**WHAT IS NEEDED:** The reply should contain every line of the data, repeated exactly, and no pictures.

**DATA SEGMENT:**
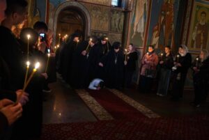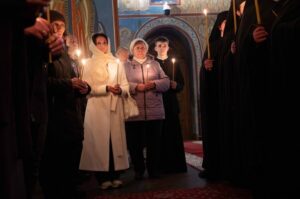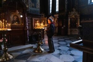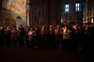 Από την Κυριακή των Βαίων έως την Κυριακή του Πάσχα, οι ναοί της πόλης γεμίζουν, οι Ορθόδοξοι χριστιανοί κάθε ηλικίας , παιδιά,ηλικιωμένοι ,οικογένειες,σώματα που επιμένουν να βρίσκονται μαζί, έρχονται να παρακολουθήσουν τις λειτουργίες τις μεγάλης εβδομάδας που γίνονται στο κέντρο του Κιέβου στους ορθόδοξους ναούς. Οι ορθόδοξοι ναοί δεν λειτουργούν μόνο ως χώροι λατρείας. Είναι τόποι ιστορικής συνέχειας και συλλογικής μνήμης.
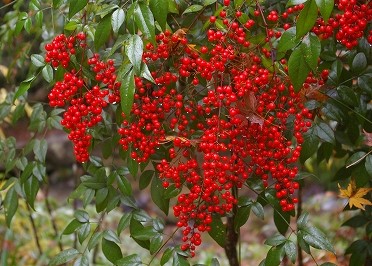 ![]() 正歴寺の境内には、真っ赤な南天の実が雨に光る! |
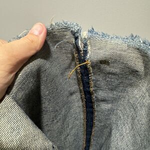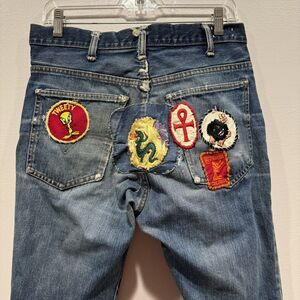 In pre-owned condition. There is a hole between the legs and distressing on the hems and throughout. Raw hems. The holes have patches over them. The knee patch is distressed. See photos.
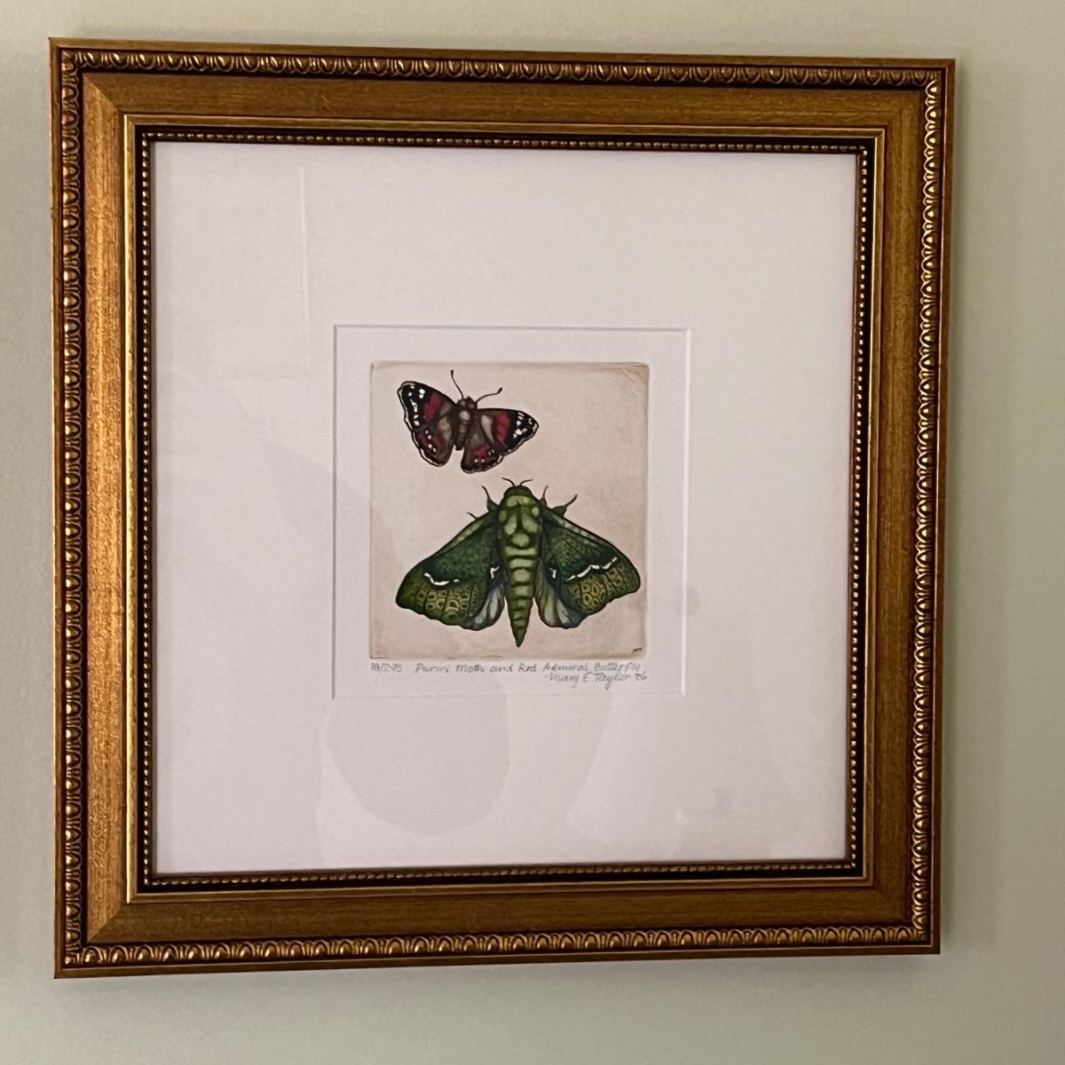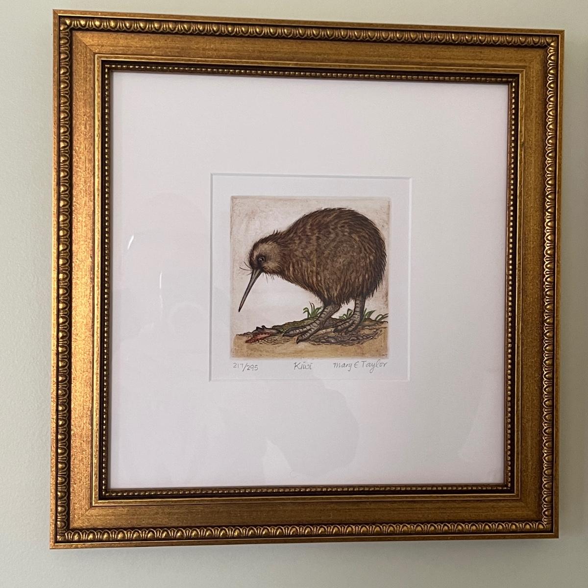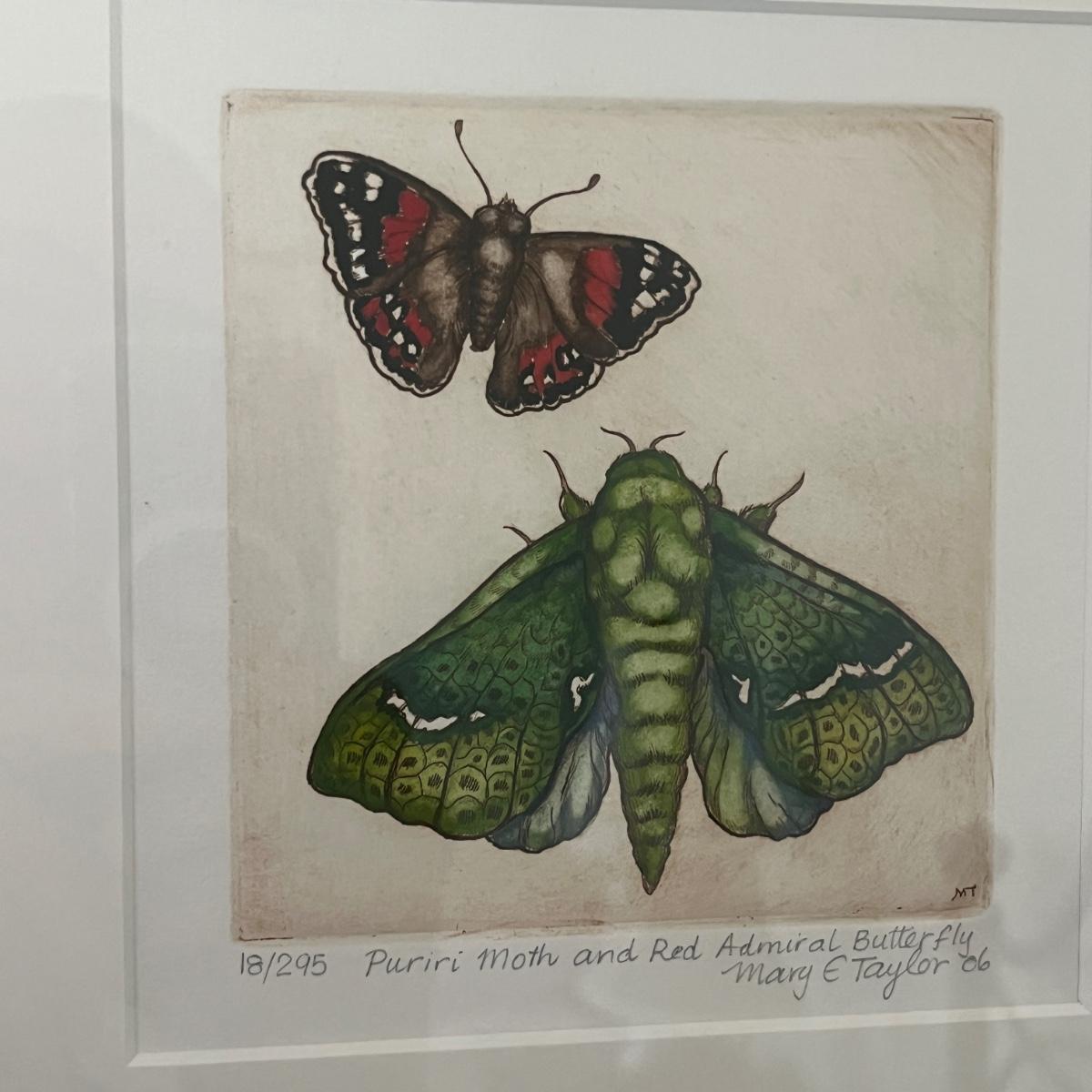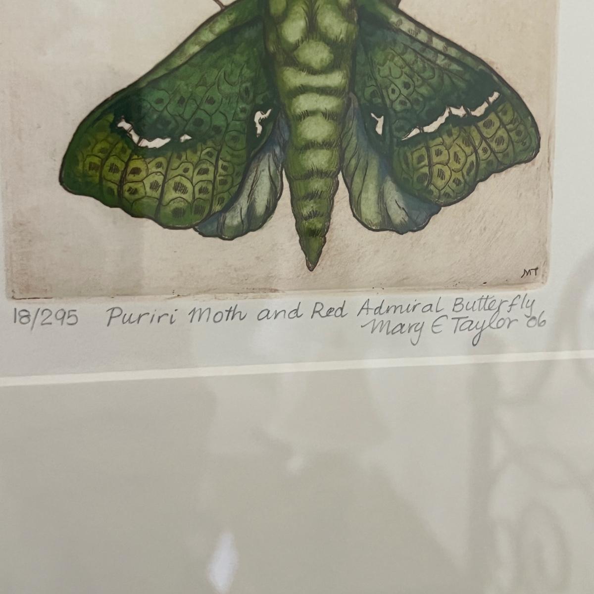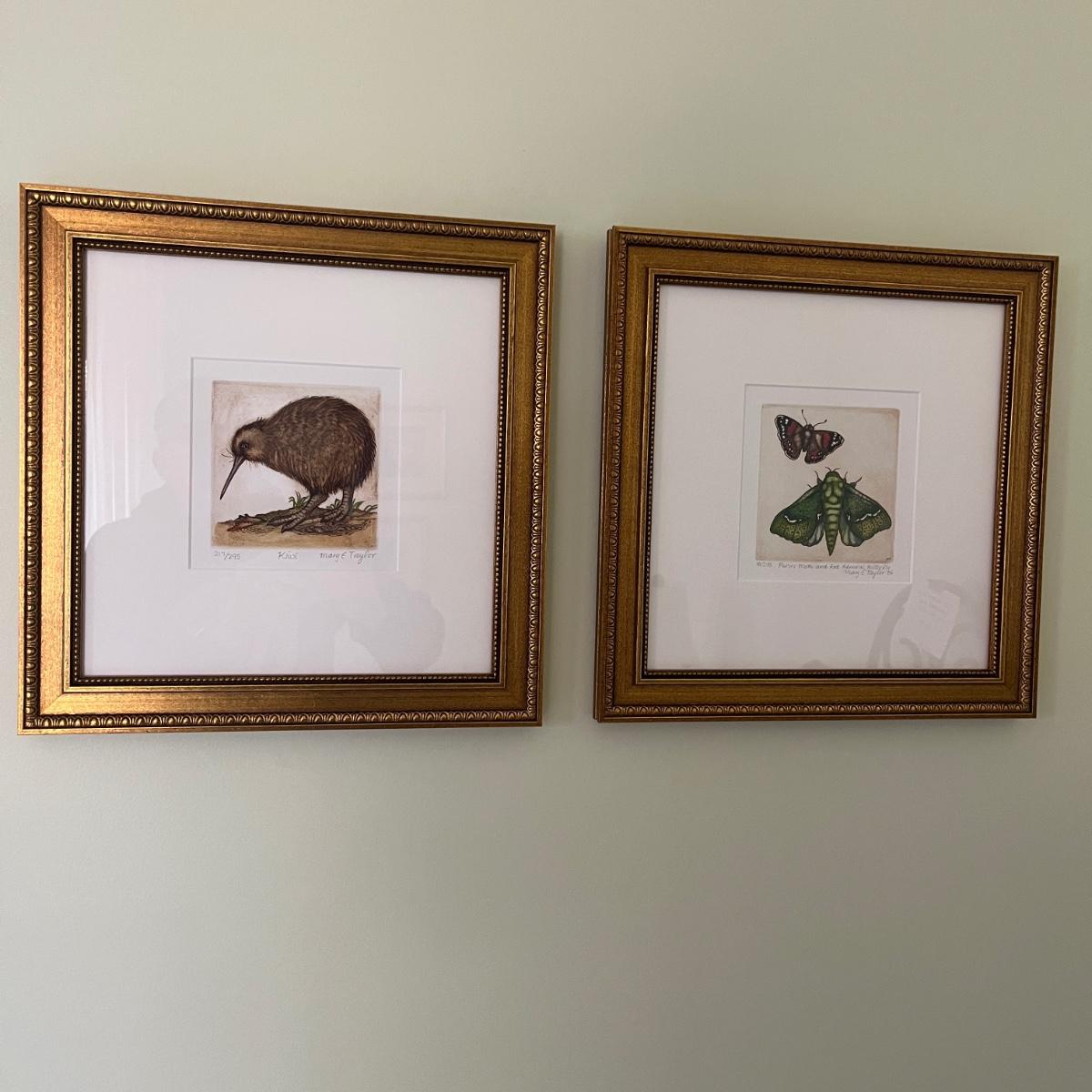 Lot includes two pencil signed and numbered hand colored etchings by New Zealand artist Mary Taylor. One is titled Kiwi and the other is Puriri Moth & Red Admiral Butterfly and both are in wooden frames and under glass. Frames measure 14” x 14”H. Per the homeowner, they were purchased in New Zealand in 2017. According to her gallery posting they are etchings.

**RESPONSE TO THE TASK:**
 Από την Κυριακή των Βαίων έως την Κυριακή του Πάσχα, οι ναοί της πόλης γεμίζουν, οι Ορθόδοξοι χριστιανοί κάθε ηλικίας , παιδιά,ηλικιωμένοι ,οικογένειες,σώματα που επιμένουν να βρίσκονται μαζί, έρχονται να παρακολουθήσουν τις λειτουργίες τις μεγάλης εβδομάδας που γίνονται στο κέντρο του Κιέβου στους ορθόδοξους ναούς. Οι ορθόδοξοι ναοί δεν λειτουργούν μόνο ως χώροι λατρείας. Είναι τόποι ιστορικής συνέχειας και συλλογικής μνήμης.
 ![]() 正歴寺の境内には、真っ赤な南天の実が雨に光る! |
 In pre-owned condition. There is a hole between the legs and distressing on the hems and throughout. Raw hems. The holes have patches over them. The knee patch is distressed. See photos.
 Lot includes two pencil signed and numbered hand colored etchings by New Zealand artist Mary Taylor. One is titled Kiwi and the other is Puriri Moth & Red Admiral Butterfly and both are in wooden frames and under glass. Frames measure 14” x 14”H. Per the homeowner, they were purchased in New Zealand in 2017. According to her gallery posting they are etchings.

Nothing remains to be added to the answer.